● **REQUIRED ACTION**
Would you restate the listing word for word, with the images omitted?

● **RECORDED DATA**
----------

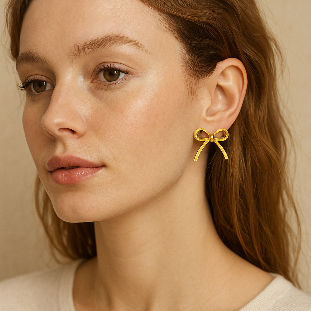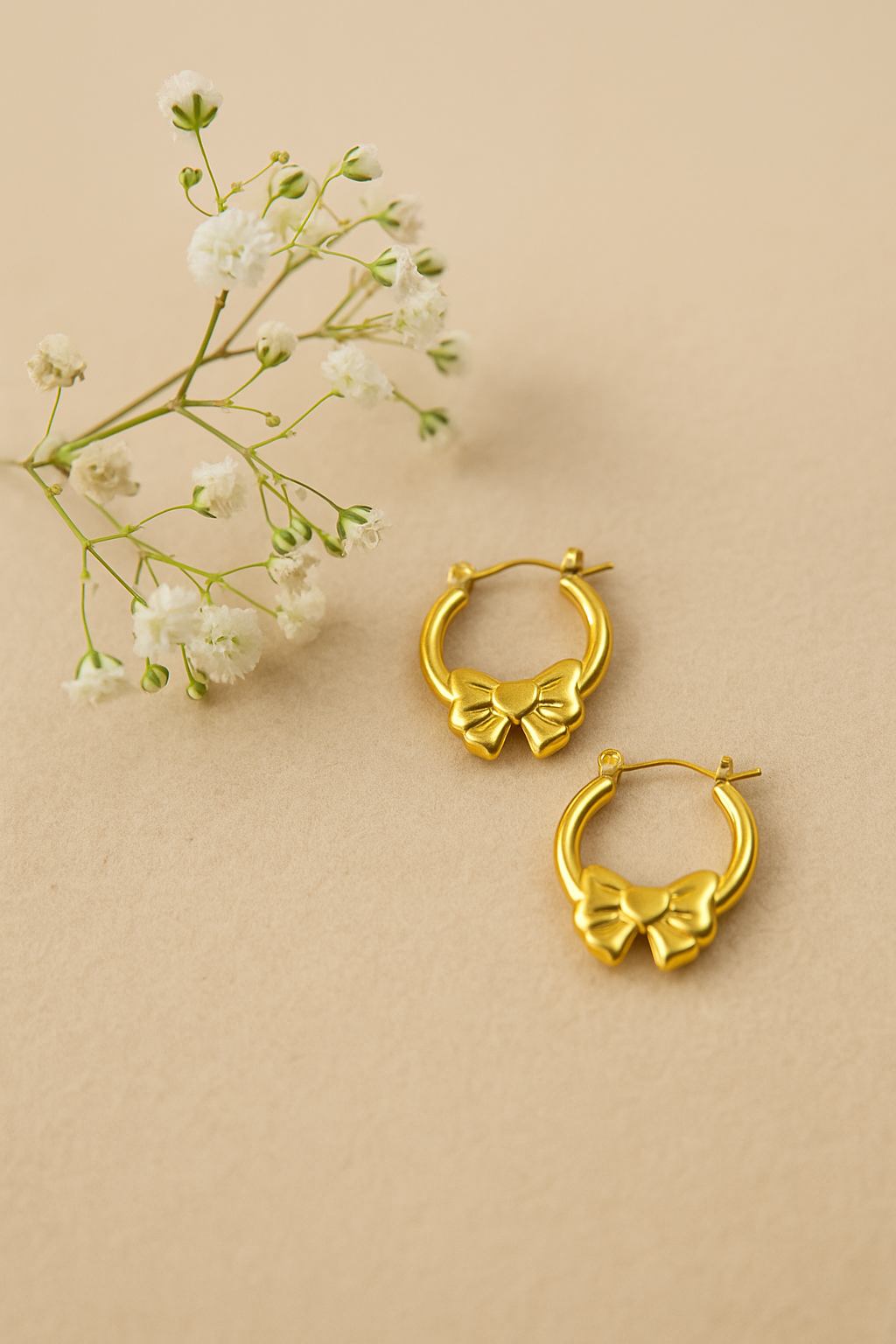 Anti-Tarnish Heart & Bow Design Earrings and Pendant Chain Set – Elegant & Lightweight Jewelry for Women & Girls
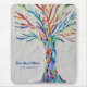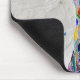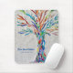 This decorative mouse pad features a print of a rainbow coloured tree on a pale grey background.
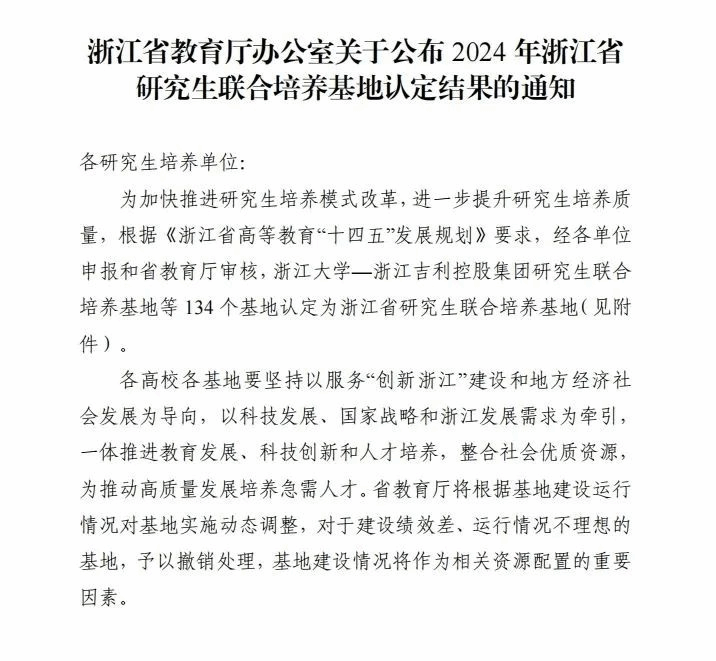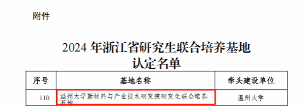 近日,浙江省教育厅发布《关于公布2024年浙江省研究生联合培养基地认定结果的通知》的名单,云顶7610线路检测新材料与产业技术研究院研究生联合培养基地成功认定为省级研究生联合培养基地。这一认定标志着公司在新材料、新能源领域硕士研究生联合培养、导学模式创新方面迈出了重要一步,彰显了公司在产教融合、协同创新方面的显著成效。

----------

● **ANSWER BOX**
 Anti-Tarnish Heart & Bow Design Earrings and Pendant Chain Set – Elegant & Lightweight Jewelry for Women & Girls
 This decorative mouse pad features a print of a rainbow coloured tree on a pale grey background.
 近日,浙江省教育厅发布《关于公布2024年浙江省研究生联合培养基地认定结果的通知》的名单,云顶7610线路检测新材料与产业技术研究院研究生联合培养基地成功认定为省级研究生联合培养基地。这一认定标志着公司在新材料、新能源领域硕士研究生联合培养、导学模式创新方面迈出了重要一步,彰显了公司在产教融合、协同创新方面的显著成效。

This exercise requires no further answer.